# THE TASK
Pictures aside, the output must consist of the lines from the one containing "Grey folding camp" through the end of the data, reproduced exactly.

# DATA PROVIDED
------------------------------------------------------------------------
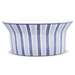 Fayence weiß - blaue und hellblaue Streifen - Glasur glänzend
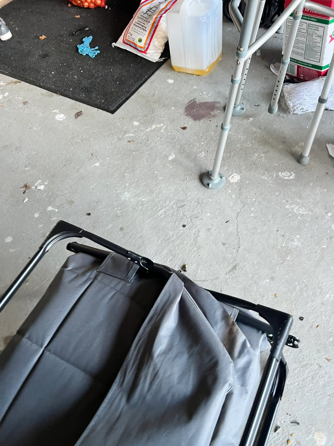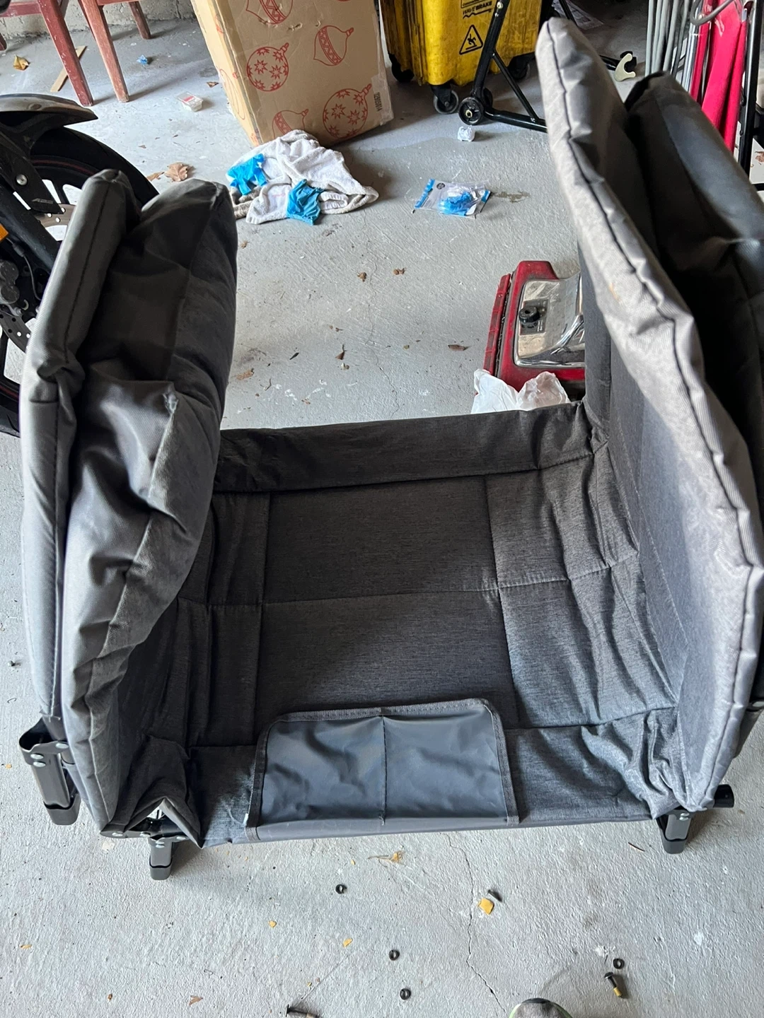Grey folding camp chair with a durable metal frame. It's made of fabric and folds up compactly for easy transport. This chair is great for camping trips or outdoor events.
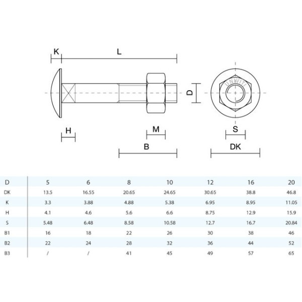 Vite TTDE inox M10X60 mm testa tonda con esagono sotto-testa.
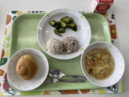 献立 あしたばパン チンジュワンズ ピリ辛きゅうり たまごスープ 牛乳
------------------------------------------------------------------------
# ANSWER BELOW
Grey folding camp chair with a durable metal frame. It's made of fabric and folds up compactly for easy transport. This chair is great for camping trips or outdoor events.
 Vite TTDE inox M10X60 mm testa tonda con esagono sotto-testa.
 献立 あしたばパン チンジュワンズ ピリ辛きゅうり たまごスープ 牛乳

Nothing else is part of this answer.